**ASSIGNMENT**
Print the listing below again, exactly. Skip the pictures.

**PROVIDED MATERIAL**
※ ※ ※

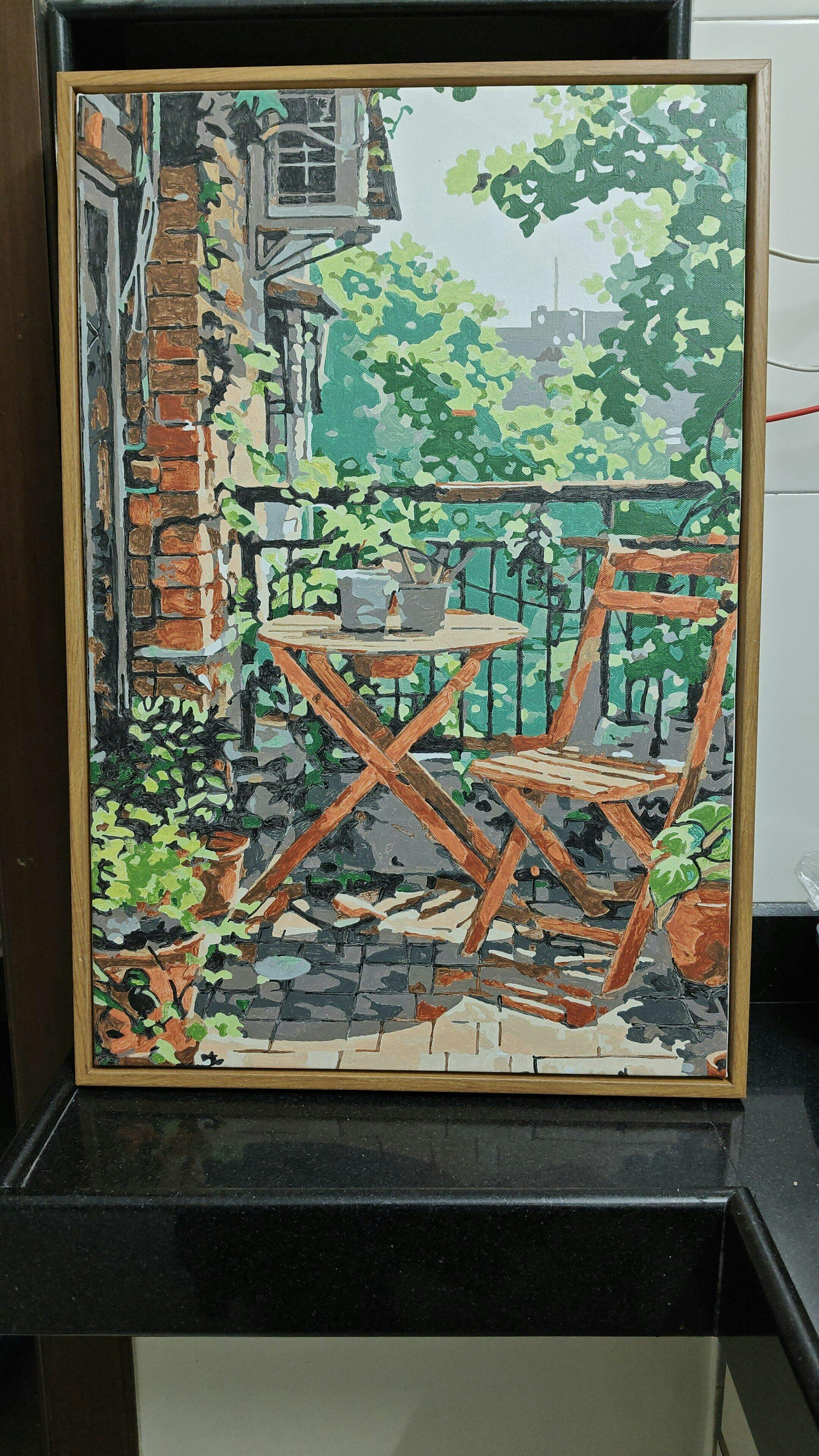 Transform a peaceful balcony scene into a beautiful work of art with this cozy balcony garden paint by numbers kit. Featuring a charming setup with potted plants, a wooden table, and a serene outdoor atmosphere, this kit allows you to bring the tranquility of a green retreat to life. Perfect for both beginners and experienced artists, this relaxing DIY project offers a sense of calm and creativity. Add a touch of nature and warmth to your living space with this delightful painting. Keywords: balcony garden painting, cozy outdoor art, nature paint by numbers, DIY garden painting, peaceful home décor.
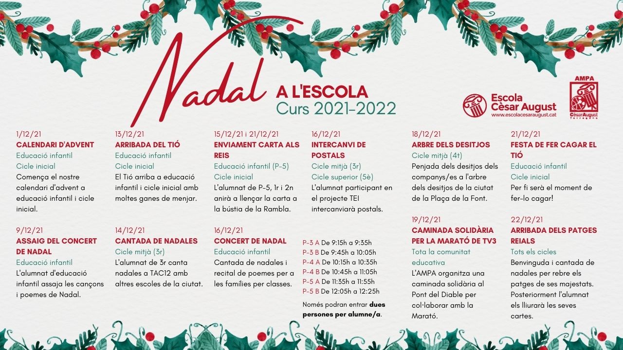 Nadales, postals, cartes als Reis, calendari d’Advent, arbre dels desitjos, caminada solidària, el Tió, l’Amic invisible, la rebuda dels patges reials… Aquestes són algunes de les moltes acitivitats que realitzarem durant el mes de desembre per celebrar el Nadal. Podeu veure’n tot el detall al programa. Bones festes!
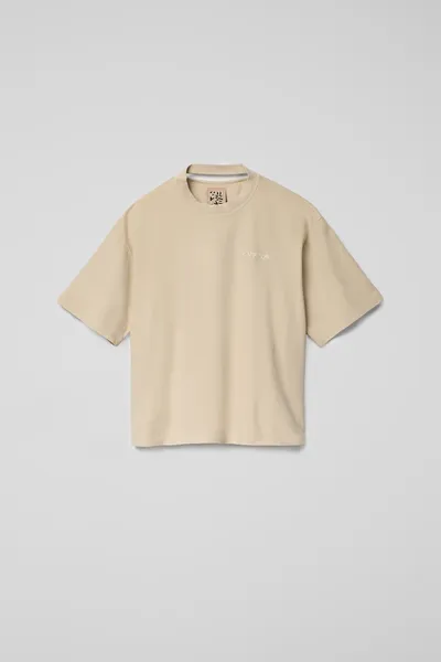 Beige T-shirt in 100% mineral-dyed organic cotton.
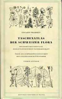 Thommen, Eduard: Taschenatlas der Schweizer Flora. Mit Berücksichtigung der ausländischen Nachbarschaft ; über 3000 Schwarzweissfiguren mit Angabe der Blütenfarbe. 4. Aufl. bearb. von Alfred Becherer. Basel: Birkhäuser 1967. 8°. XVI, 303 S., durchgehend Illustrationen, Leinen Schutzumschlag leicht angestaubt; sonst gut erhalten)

※ ※ ※

**TASK OUTPUT**
 Transform a peaceful balcony scene into a beautiful work of art with this cozy balcony garden paint by numbers kit. Featuring a charming setup with potted plants, a wooden table, and a serene outdoor atmosphere, this kit allows you to bring the tranquility of a green retreat to life. Perfect for both beginners and experienced artists, this relaxing DIY project offers a sense of calm and creativity. Add a touch of nature and warmth to your living space with this delightful painting. Keywords: balcony garden painting, cozy outdoor art, nature paint by numbers, DIY garden painting, peaceful home décor.
 Nadales, postals, cartes als Reis, calendari d’Advent, arbre dels desitjos, caminada solidària, el Tió, l’Amic invisible, la rebuda dels patges reials… Aquestes són algunes de les moltes acitivitats que realitzarem durant el mes de desembre per celebrar el Nadal. Podeu veure’n tot el detall al programa. Bones festes!
 Beige T-shirt in 100% mineral-dyed organic cotton.
 Thommen, Eduard: Taschenatlas der Schweizer Flora. Mit Berücksichtigung der ausländischen Nachbarschaft ; über 3000 Schwarzweissfiguren mit Angabe der Blütenfarbe. 4. Aufl. bearb. von Alfred Becherer. Basel: Birkhäuser 1967. 8°. XVI, 303 S., durchgehend Illustrationen, Leinen Schutzumschlag leicht angestaubt; sonst gut erhalten)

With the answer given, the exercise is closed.